> [ACTIVITY] Only the lines below from the one containing "Комплект поставки: чаша" through the one containing "v ležečem položaju." belong in the answer, set down exactly, with the pictures left out.

> [AVAILABLE DATA]
>>>>
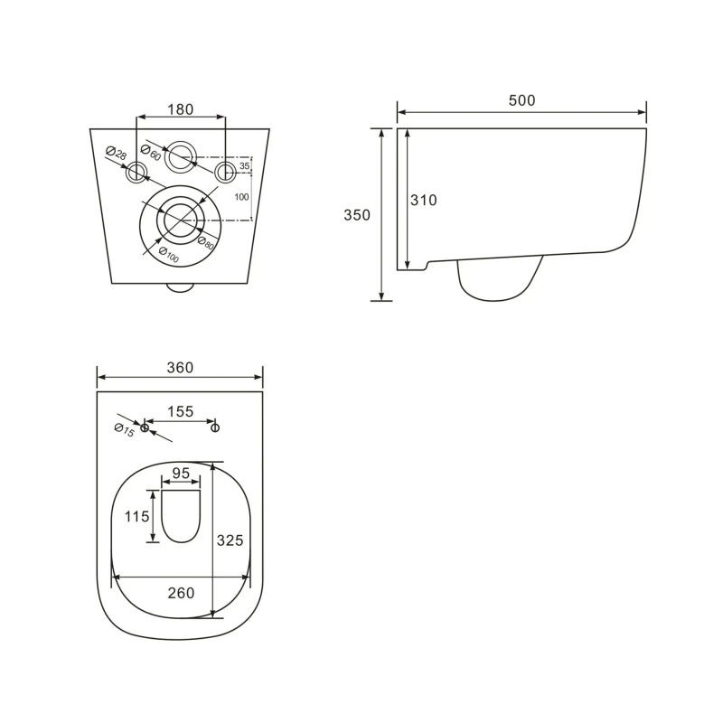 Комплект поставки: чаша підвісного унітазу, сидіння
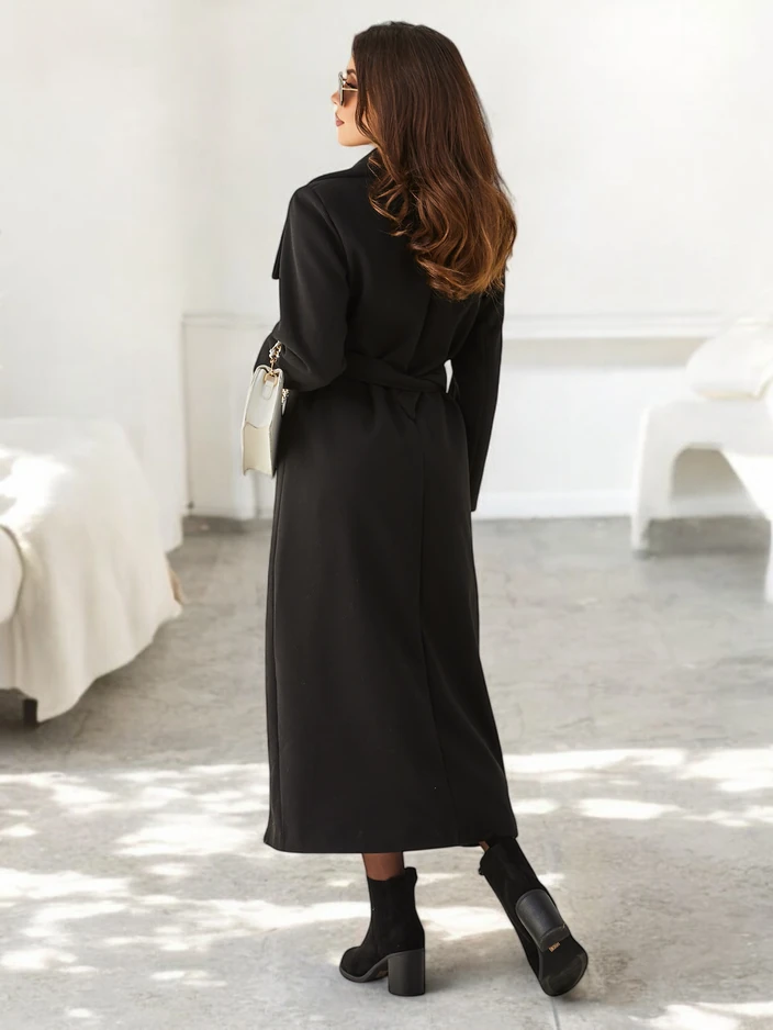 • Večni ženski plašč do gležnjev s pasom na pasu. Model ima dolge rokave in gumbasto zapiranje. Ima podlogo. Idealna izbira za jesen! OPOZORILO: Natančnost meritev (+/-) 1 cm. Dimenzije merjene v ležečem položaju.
<<<<
>>>>
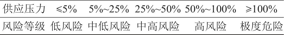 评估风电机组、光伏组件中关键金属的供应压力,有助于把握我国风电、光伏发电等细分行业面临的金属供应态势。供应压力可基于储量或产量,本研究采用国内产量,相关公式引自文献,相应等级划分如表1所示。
<<<<
> [ANSWER SPACE]
 Комплект поставки: чаша підвісного унітазу, сидіння
 • Večni ženski plašč do gležnjev s pasom na pasu. Model ima dolge rokave in gumbasto zapiranje. Ima podlogo. Idealna izbira za jesen! OPOZORILO: Natančnost meritev (+/-) 1 cm. Dimenzije merjene v ležečem položaju.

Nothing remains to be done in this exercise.